Krafton Posts Record First-Half Revenue as PUBG Keeps Delivering

Korean publisher Krafton just closed the first half of 2025 with its best numbers to date. The studio behind PUBG: Battlegrounds reported revenue of KRW 1.54 trillion (about USD 1.18 billion) and operating profit of KRW 703 billion. Both figures mark double-digit growth year-over-year, underscoring how the now-seven-year-old battle-royale continues to bankroll the company while new projects line up for launch.

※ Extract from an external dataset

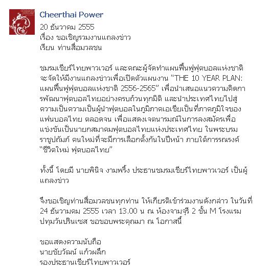 Cheerthai Power ประกาศเจตนารมณ์ในการลงสมัครเพื่อแข่งขันเป็นนายกสมาคมฟุตบอลไทยคนใหม่ปีหน้าครับ !!

PUBG became a breakout hit on PC in 2017 and later went free-to-play, a move that reinvigorated player counts. The mobile edition, PUBG Mobile, has been especially strong in Asia, and Krafton’s localized Indian release, Battlegrounds Mobile India, has helped the firm maintain a foothold in the world’s fastest-growing smartphone market.

By the numbers

  • PC revenue: KRW 543.2 billion, buoyed by new progression systems like the April “Contender” upgrade track in PUBG: Battlegrounds.
  • Mobile revenue: KRW 960 billion, driven by high-engagement cosmetics such as progressive “X-Suit” skins.
  • Console and other platforms: KRW 33 billion, a relatively small slice of the pie but an area Krafton says it wants to expand.
  • Second-quarter alone: KRW 662 billion in revenue and KRW 246 billion in operating profit.

What’s next

  • PUBG collaborations with Bugatti and K-pop group aespa are planned for later this year to keep the live-service pipeline moving.
  • PUBG: Blindspot, a top-down tactical shooter, will get its first public showing at Gamescom in August.
  • Project Black Budget, an extraction shooter, is headed for a closed alpha before year-end. Krafton aims to take a stab at the genre made popular by Escape from Tarkov.
  • Krafton has 13 new games in development as part of a five-year plan to cultivate fresh IP.
  • The publisher’s fledgling inZOI life-sim has already topped a million sales worldwide, making it the fastest-selling Korean premium game on record.
  • Krafton acquired U.S. studio Eleventh Hour Games, the team behind action-RPG Last Epoch, adding another established IP to its roster.
  • The company is investing in AI research, unveiling an LLM testing benchmark called Orak and co-developing new post-training methods with SK Telecom.
  • Recent moves into ad-tech include taking over Korean firm Neptune and a strategic stake in Japan’s ADK Group, known for its anime partnerships.

Krafton also highlighted Inzoi's sucess with it being the fastest selling South Korean 'package game' (buy to play).